Santé sexuelle des gays et VIH/SIDA au Togo
20
« Un garçon qui naît, déjà à bas âge est avec ses amis garçons. Il a toujours envie
de se laver avec eux. Quand il va entrer en puberté, cette envie va toujours grandir,
et quand il sera grand, il va se rendre compte qu’il a plutôt une attirance envers le
même sexe » (focus group 2).
« L’homosexualité n’est jamais venue de quelque part. On est né comme ça, c’est
inné. Depuis ton enfance les habitudes que tu as, vont te montrer que toi-même tu
seras homosexuel. On ne le devient pas »(focus group 2).
« Un Blanc n’a jamais fabriqué quelque chose comme ça. On est né et on ressent
quelque chose pour la personne qui a le même sexe que nous » (focus group 2).
Cette émergence précoce de l’homosexualité chez la plupart des gays enquêtés semble être
confirmée par l’âge au premier rapport homosexuel qui se situe entre 9 et 20 ans.
Tout en récusant l’origine occidentale de l’homosexualité, les homosexuels démontrent aussi
qu’elle est une pratique ancienne dans les sociétés africaines. Elle se faisait dans deux situations.

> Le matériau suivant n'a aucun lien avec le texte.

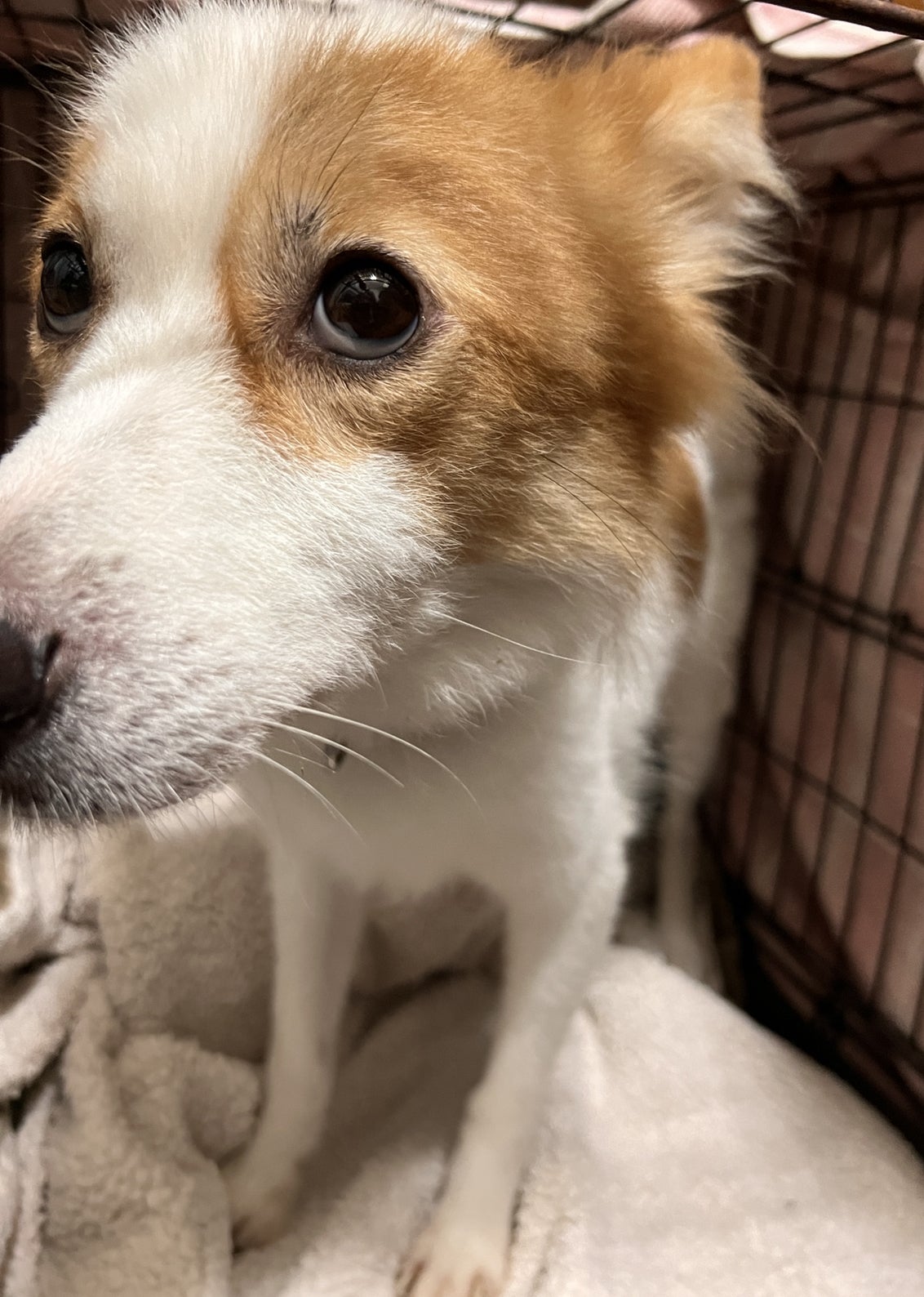 施設にいる成犬ちゃんたちは、毛布半分くらいの広さのケージにひとりひとり過ごしています。

D’une part, comme attirance naturelle entre deux hommes mais ceux-ci le faisaient en cachette,
parce que cela était interdit. Les hommes avaient l’obligation de se marier et faire des enfants, pour
se conformer aux règles de la société. Toutefois, les homosexuels, même mariés à des femmes, se
cachaient pour faire l’amour. D’autre part, elle se pratiquait dans des couvents (surtout dans le sud
du Togo) où les rites initiatiques entre des personnes de même sexe, recluses pour plusieurs jours,
suscitaient à un moment donné de l’attirance réciproque. A ce sujet, un pair a affirmé que :
« Il y a des gens dans les villages qui ont les mêmes pratiques que chez les
Occidentaux. Mais on n’a pas les mêmes façons de les appeler. Donc, je dirai que
l’homosexualité a des fondements dans nos sociétés traditionnelles, sauf que on ne
le connaît pas sous le vocable ‘homosexualité’ » (focus group).

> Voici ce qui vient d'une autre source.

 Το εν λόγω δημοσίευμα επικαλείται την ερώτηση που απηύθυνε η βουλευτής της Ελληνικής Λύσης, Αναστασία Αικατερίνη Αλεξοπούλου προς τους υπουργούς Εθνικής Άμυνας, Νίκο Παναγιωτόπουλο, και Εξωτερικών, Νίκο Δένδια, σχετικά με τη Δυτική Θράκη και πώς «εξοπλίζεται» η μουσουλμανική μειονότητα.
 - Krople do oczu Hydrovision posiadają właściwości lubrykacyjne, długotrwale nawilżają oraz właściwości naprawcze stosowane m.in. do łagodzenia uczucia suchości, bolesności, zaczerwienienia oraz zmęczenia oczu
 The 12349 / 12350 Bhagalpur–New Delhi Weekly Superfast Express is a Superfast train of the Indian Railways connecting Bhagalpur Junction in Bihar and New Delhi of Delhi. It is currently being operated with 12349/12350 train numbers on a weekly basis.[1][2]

En résumé, si pour la plupart des gays, l’homosexualité est naturelle, pour certaines personnes
âgées intérogées, son fondement social ou culturel n’est pas avéré.

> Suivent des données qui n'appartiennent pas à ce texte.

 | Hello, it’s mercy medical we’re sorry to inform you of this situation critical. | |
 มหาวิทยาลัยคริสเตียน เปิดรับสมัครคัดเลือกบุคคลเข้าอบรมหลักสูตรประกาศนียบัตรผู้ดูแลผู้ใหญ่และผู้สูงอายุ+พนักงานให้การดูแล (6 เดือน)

2.1.2 - Evolution de l a pratique homosexuelle
La visibilité croissante de l’homosexualité aujourd’hui peut être imputée à des facteurs liés à
l’évolution actuelle de nos sociétés (internet, télévision, téléphone, etc.). Ce phénomène touche
beaucoup de couches sociales. C’est ainsi qu’on dénote l’homosexualité chez les jeunes et chez les
adultes, chez les femmes et chez les hommes, chez les célibataires et les mariés, etc. Mais, qu’en
est-il de l’évolution des pratiques, des rites, des mythes qui entourent l’homosexualité et de ceux
qui la pratiquent ?
Les gays pensent que ces pratiques, rites et mythes ont connu une évolution depuis les sociétés
anciennes. Le mythe du mariage et de la descendance naturelle est tombé avec le temps. De plus en
plus, le mariage n’est plus considéré comme une obligation. Ce qui permet donc aux homosexuels
de vivre sans se marier, sans avoir d’enfants et sans que cela ne leur pose un problème et ne soit
pas trop fustigé par la société. Il y a beaucoup plus de liberté aujourd’hui qu’hier, de rencontrer
d’autres homosexuels et de choisir son partenaire.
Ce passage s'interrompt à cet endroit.